Question :
I’ve inherited a database that uses sets of 32-byte hex strings to attempt to uniquely identify objects. Each string is called a fingerprint and each object can have up to 20 fingerprints.
I’m migrating the database across servers and I’ve noticed that re-populating the Fingerprint table takes hours. It seems that each fingerprint is given an integer id and is stored as a varchar, there’s an index on the fingerprint column and hence the slow inserts.
My question is: is it worth my while to refactor this design and remove the Fingerprint table altogether?
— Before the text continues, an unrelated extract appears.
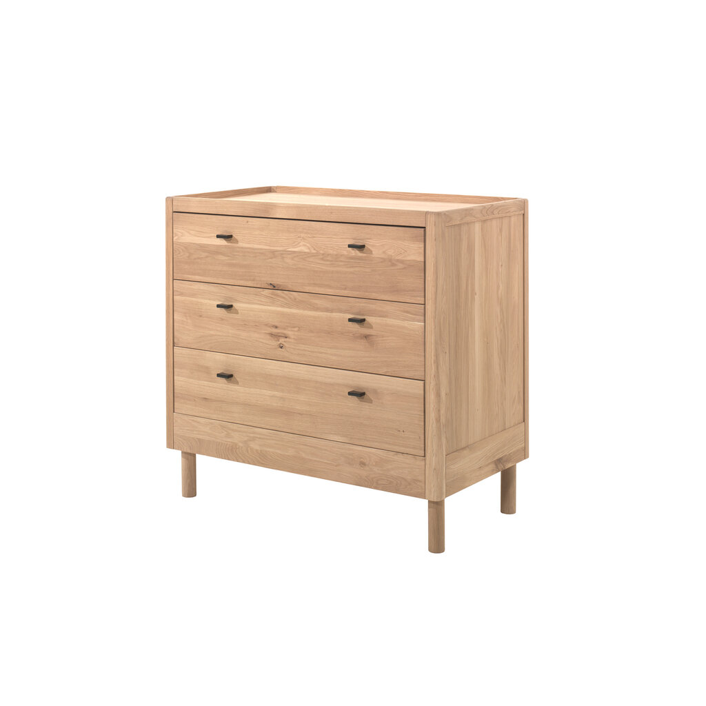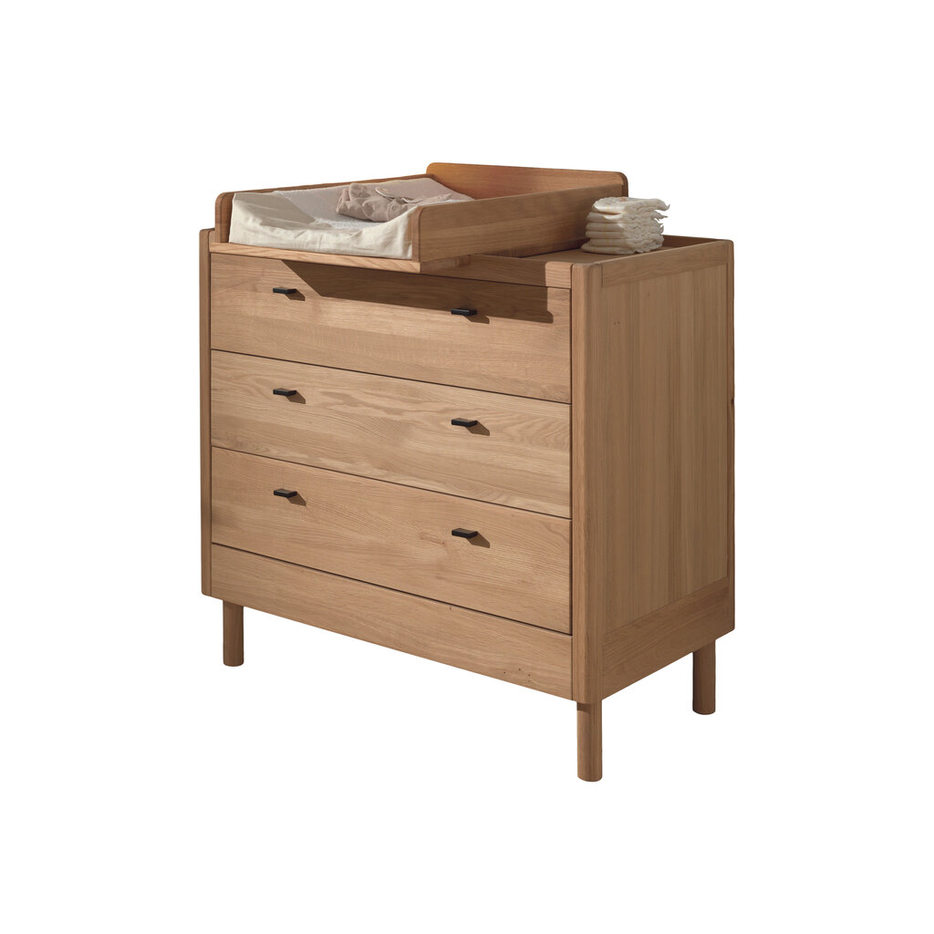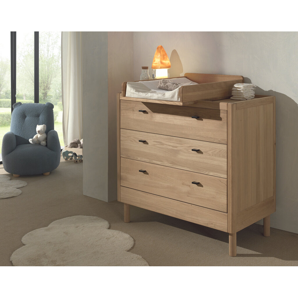 De commode beschikt over drie ruime lades, ideaal voor het overzichtelijk opbergen van kleertjes, luiers en verzorgingsproducten. De lades zijn stevig uitgevoerd en afgewerkt met subtiele zwarte handgrepen, wat zorgt voor een moderne en verzorgde uitstraling. Op het blad is voldoende ruimte voor een verzorgingskussen, waardoor de commode ook uitstekend functioneert als verzorgingsmeubel.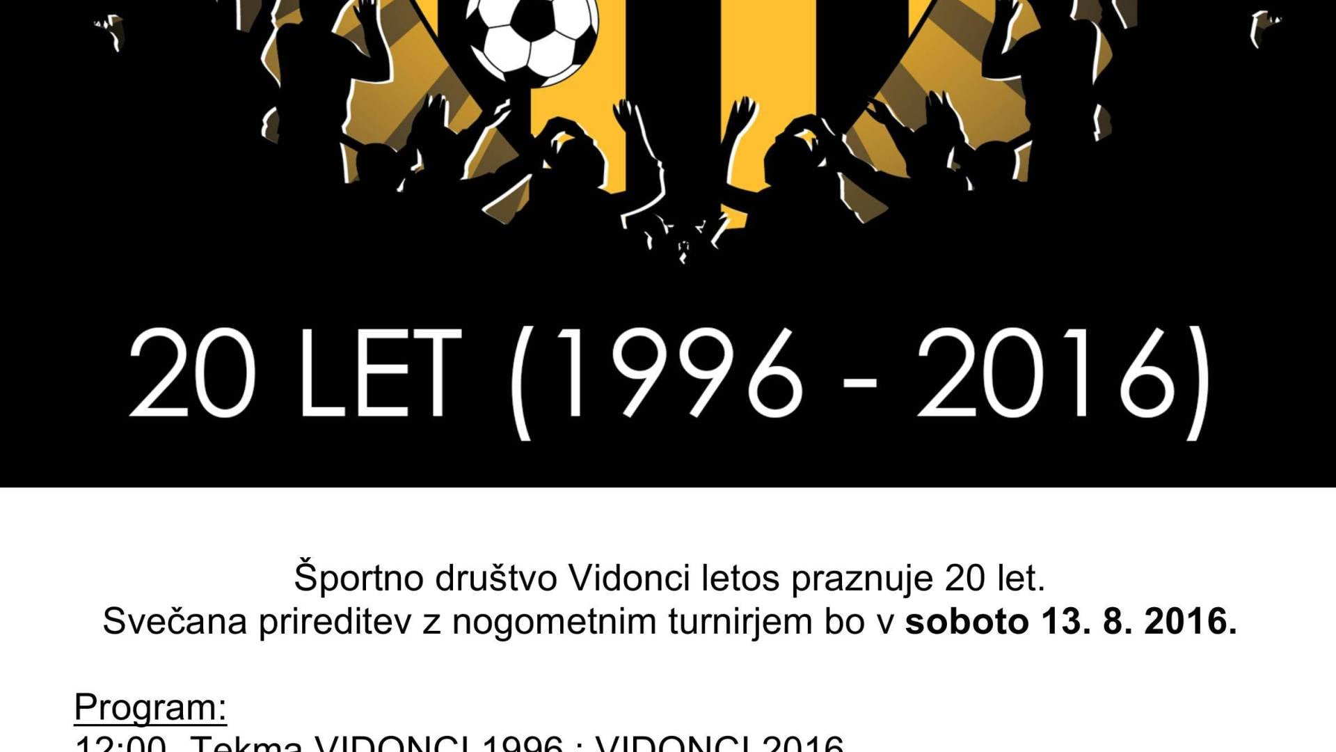 Športni center VidonciŠportno društvo VIDONCI letos praznujemo 20 let obstoja in delovanja. Jubilej bomo obeležili s športno-kulturno prireditvijo v soboto 13.8.2016 s pričetkom ob 12:00 uri v športnem centru Vidonci.

I would guess that indexing on numbers rather than strings would be faster, is this correct?
If the design looks like this: (hopefully this make sense)
Object(1,*)<----->(*,*)ObjectFingerprint(*,*)<------>(1,*)Fingerprint
id object_id id
fingerprint_id fingerprint
Would it be better to use:
Object(1,*)<----->(*,*)Fingerprint
id object_id
fingerprint
I’m using a MySQL server with INNODb tables and I have roughly 1.4 million objects.
Answer :
I would recommend using the BINARY type; strings waste a lot of space, and integers require conversion.
http://dev.mysql.com/doc/refman/5.0/en/binary-varbinary.html
For the other part: why do you need the associative table? If objects and fingerprints are 1 to 1, you could either store them directly in the object table, or just have single table with the id, fingerprint, and object id FK.